La funcionaria consideró que para que eso ocurra, operadoras y operadores de la justicia «deben capacitarse para evaluar el riesgo en que se encuentran quienes denuncian violencia de género, y que se tomen en serio el deber de adoptar medidas apropiadas de protección».
Y que además de «investigar seriamente» las denuncias se «sancione a los responsables y exista reparación a las víctimas».
Las capacitaciones «en serio» para quienes tienen la responsabilidad de aplicar justicia, es decir, hacer efectiva la amplia legislación sobre prevención y asistencia en violencia de género que hay en el país, es también un reclamo de la abogada Soledad Deza.
La profesional tucumana, presidenta de la fundación Mujeres x Mujeres, enfatizó que la perspectiva de género «es seria, no se incorpora con una charla enlatada. Tiene que haber evaluaciones de competencia e impacto en las sentencias. Es urgente».
Entonces, además de que una mujer cuando llega a la instancia de denuncia se encuentra con que no hay personal capacitado para acompañarla, también comienza a transitar un laberinto judicial, ya que la causa que se inicia tiene dos instancias, una civil y una penal. Y es sólo el principio.
«Es muy difícil atravesar el laberinto de procesos, de instituciones, de formas y procedimientos», aportó Natalia Gherardi, directora ejecutiva del Equipo Latinoamericano de Justicia y Género (ELA).
«Sin patrocinio jurídico para las mujeres en situación de violencia el acceso a la justicia es poco más que una consigna», agregó, además de destacar que ese proceso «requiere también de tiempos para el fortalecimiento emocional de las mujeres».
Lo mismo opinó Asensio, que pidió «una nueva forma de organización judicial, que permita un abordaje integral del problema. Ahora, está totalmente fragmentado» porque los juzgados de familia» toman medidas de protección, pero los dispositivos preventivos son insuficientes y deficitarios, con nula o escasa vigilancia de su efectividad y acatamiento».
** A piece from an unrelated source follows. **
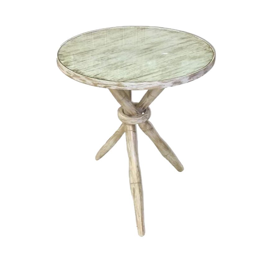 Luxurious round marble top table with slender legs arranged in a crisscross form, offering a chic and elegant look.

«Y la justicia penal suele archivar, desestimar o minimizar las denuncias por incumplimiento. No se consideran esos incumplimientos como indicadores de incremento del riesgo y no se adoptan medidas de protección más efectivas», explicó la especialista de la DGN.
Úrsula Bahillo, como tantas mujeres, logró medidas de protección que no llegan nunca o llegan tarde.
De hecho, hay serias críticas a la efectividad de los escasos botones antipánico que existen, porque otra vez, la responsabilidad de cuidado recae en la víctima, que debe accionarlo si se siente en peligro. Y a veces no funcionan porque ellas no tienen señal de Internet o entran en un lógico pánico.
Por eso se impulsa el uso de tobilleras en los violentos, que se activan cuando se acercan a las víctimas, pero eso requiere de un monitoreo responsable que evite femicidios.
Deza añadió a este panorama que «tampoco se cita a los denunciados y eso los libera del control social y judicial, además de que sobrecarga el impulso de la víctima de sus propias denuncias, quien además de exponerse, queda en desamparo del Estado cuando no se investiga con debida diligencia».
Y reforzó Asensio: «Los dispositivos preventivos son insuficientes y deficitarios, con nula o escasa vigilancia de su efectividad y acatamiento. Las órdenes de protección son incumplidas sin ninguna consecuencia tangible. No se aplican las sanciones» establecidas en el artículo 32 de la ley 26485, de Protección Integral a las Mujeres.
«En gran parte de la justicia penal se advierte falta de formación y empatía. No están familiarizados con la dinámica de las distintas formas de violencia de género ni preparados para evaluar el riesgo. Es más, incluso cuando se cuenta con informes interdisciplinarios que califican la situación como de riesgo algo o altísimo, se omite tomar medidas idóneas para la protección de las víctimas», aseveró.
El cambio, urgente, es ahora. Hay hombres que, cada 30 horas, siguen matando mujeres. Muchas de ellas recurrieron a la justicia y no la encontraron.